### TASK GOAL:
Could you print exactly the lines from the one that contains "橙迪黑胶唱片机复古留声机蓝牙音箱音响客厅欧式便携电唱机LP礼物" to the end of the data, both ends included, and nothing else? Skip the pictures.

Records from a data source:
::::::

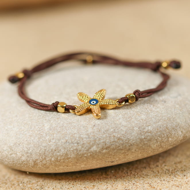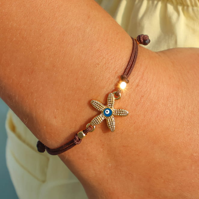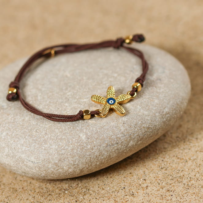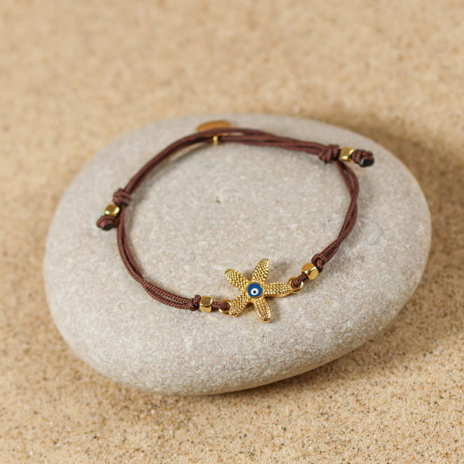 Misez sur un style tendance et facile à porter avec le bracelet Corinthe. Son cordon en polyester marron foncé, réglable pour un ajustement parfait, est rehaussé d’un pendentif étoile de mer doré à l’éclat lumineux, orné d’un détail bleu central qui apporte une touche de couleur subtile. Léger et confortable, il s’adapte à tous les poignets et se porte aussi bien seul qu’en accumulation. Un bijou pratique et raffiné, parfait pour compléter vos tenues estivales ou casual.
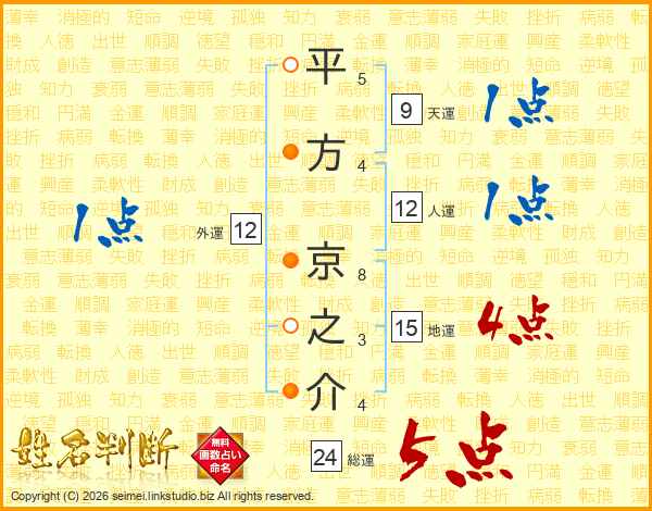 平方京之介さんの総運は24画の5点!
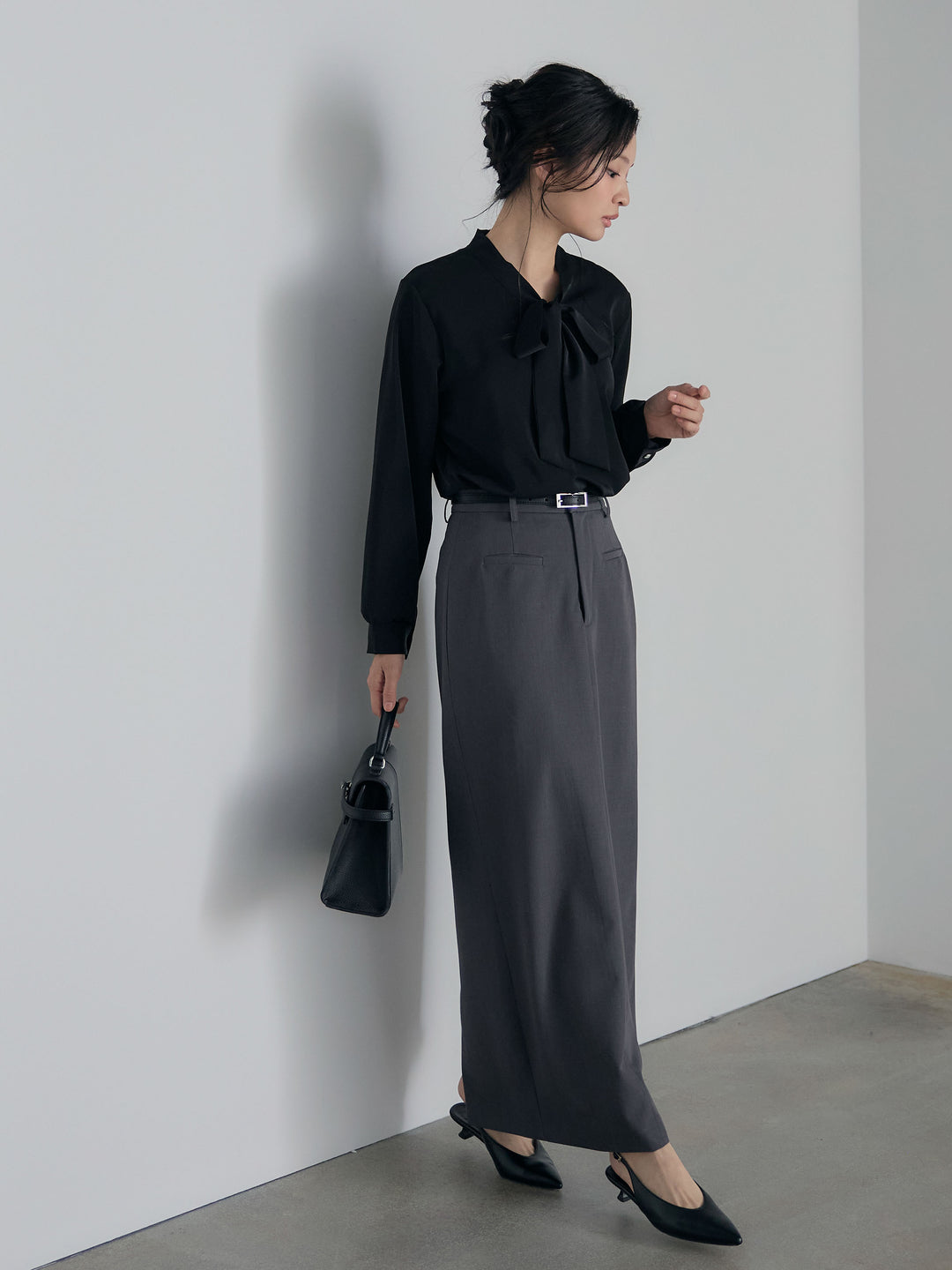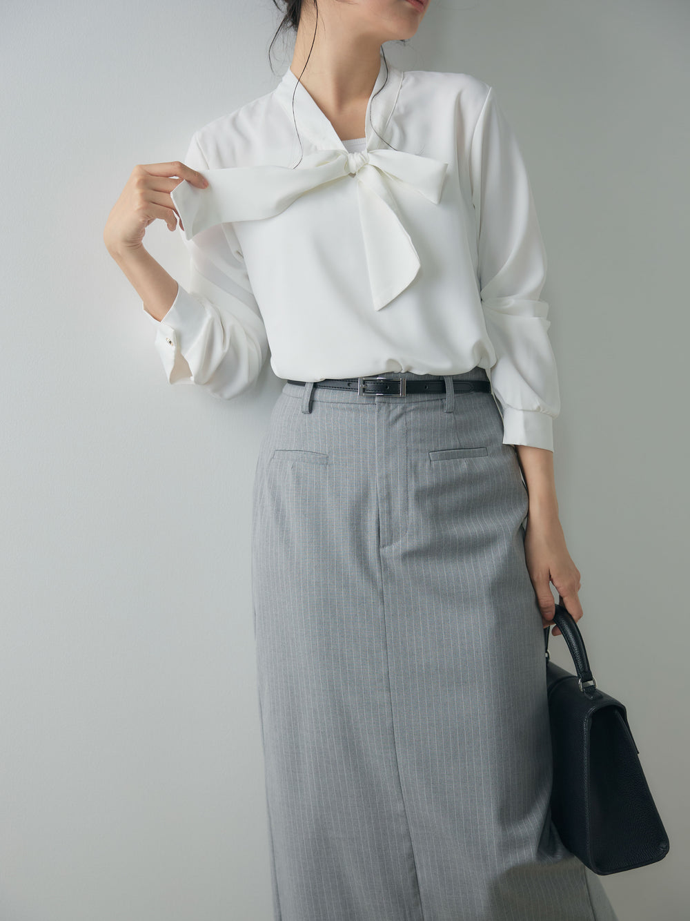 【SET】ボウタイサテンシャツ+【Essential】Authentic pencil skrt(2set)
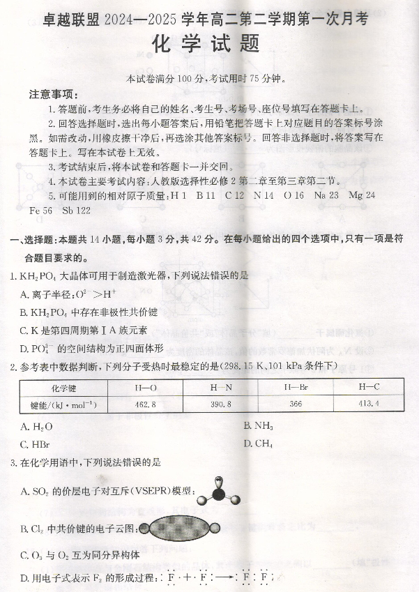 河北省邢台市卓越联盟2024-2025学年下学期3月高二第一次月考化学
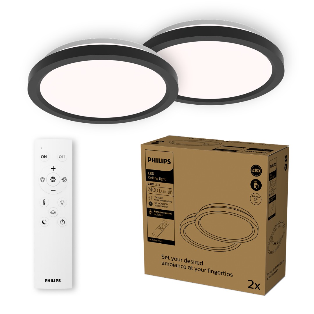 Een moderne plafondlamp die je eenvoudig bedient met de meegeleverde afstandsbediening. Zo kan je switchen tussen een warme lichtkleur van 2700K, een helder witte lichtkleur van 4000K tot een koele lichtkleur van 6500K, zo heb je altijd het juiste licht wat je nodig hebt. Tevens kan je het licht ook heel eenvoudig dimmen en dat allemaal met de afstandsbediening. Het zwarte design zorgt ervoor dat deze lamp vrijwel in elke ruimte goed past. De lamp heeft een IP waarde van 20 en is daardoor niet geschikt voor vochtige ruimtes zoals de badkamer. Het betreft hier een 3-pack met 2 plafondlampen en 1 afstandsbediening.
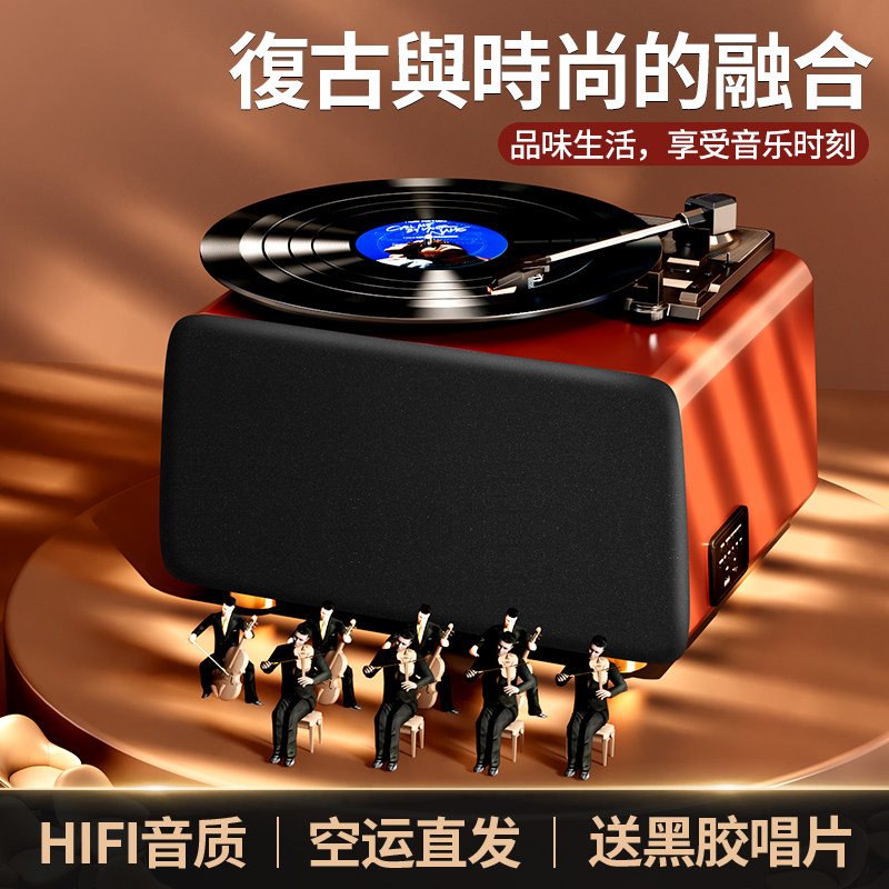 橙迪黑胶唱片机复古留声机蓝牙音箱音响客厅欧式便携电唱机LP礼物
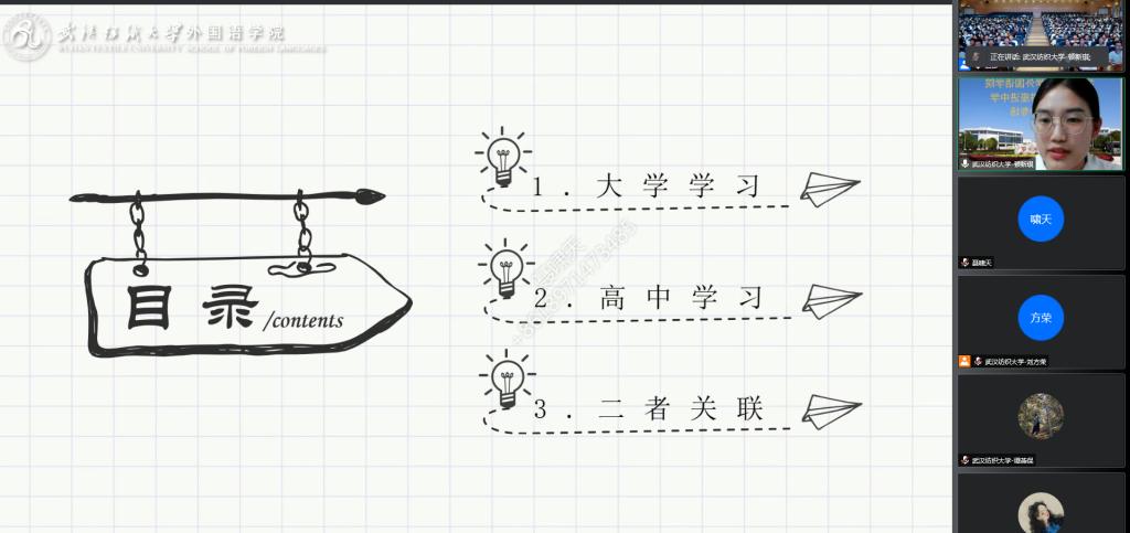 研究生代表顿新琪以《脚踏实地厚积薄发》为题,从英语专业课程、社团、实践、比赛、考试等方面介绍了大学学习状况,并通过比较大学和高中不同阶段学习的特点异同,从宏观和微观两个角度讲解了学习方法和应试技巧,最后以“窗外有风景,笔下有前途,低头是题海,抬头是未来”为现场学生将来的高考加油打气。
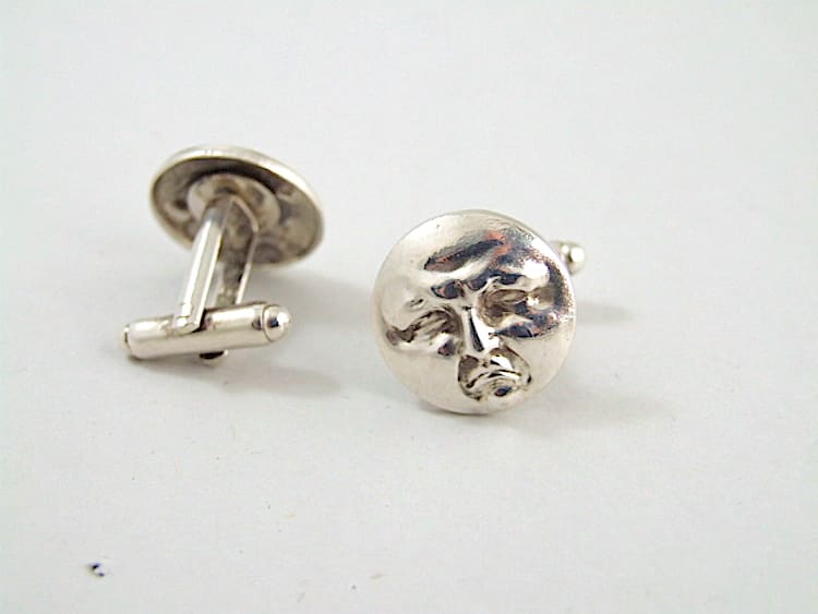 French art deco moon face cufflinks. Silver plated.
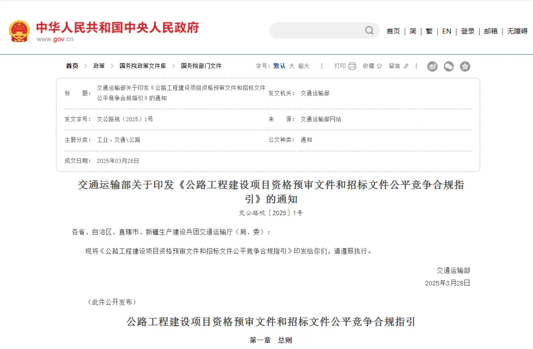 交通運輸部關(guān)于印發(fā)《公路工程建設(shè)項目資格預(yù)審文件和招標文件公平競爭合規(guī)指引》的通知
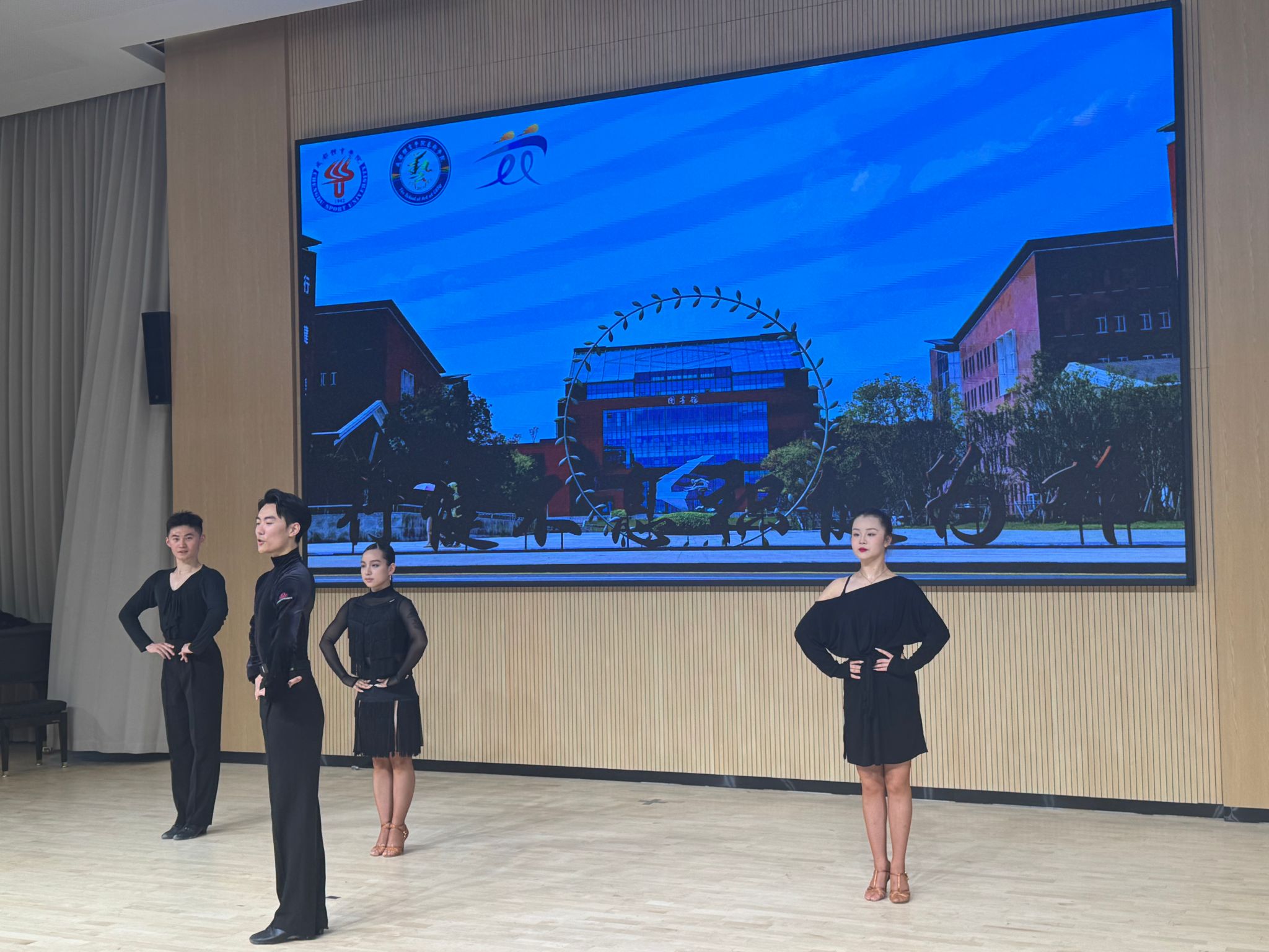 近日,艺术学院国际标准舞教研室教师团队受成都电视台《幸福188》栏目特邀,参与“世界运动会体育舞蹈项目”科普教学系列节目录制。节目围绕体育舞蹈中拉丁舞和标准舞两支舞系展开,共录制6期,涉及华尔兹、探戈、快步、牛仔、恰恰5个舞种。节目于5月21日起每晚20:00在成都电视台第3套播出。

::::::

### COMPLETED EXERCISE:
 橙迪黑胶唱片机复古留声机蓝牙音箱音响客厅欧式便携电唱机LP礼物
 研究生代表顿新琪以《脚踏实地厚积薄发》为题,从英语专业课程、社团、实践、比赛、考试等方面介绍了大学学习状况,并通过比较大学和高中不同阶段学习的特点异同,从宏观和微观两个角度讲解了学习方法和应试技巧,最后以“窗外有风景,笔下有前途,低头是题海,抬头是未来”为现场学生将来的高考加油打气。
 French art deco moon face cufflinks. Silver plated.
 交通運輸部關(guān)于印發(fā)《公路工程建設(shè)項目資格預(yù)審文件和招標文件公平競爭合規(guī)指引》的通知
 近日,艺术学院国际标准舞教研室教师团队受成都电视台《幸福188》栏目特邀,参与“世界运动会体育舞蹈项目”科普教学系列节目录制。节目围绕体育舞蹈中拉丁舞和标准舞两支舞系展开,共录制6期,涉及华尔兹、探戈、快步、牛仔、恰恰5个舞种。节目于5月21日起每晚20:00在成都电视台第3套播出。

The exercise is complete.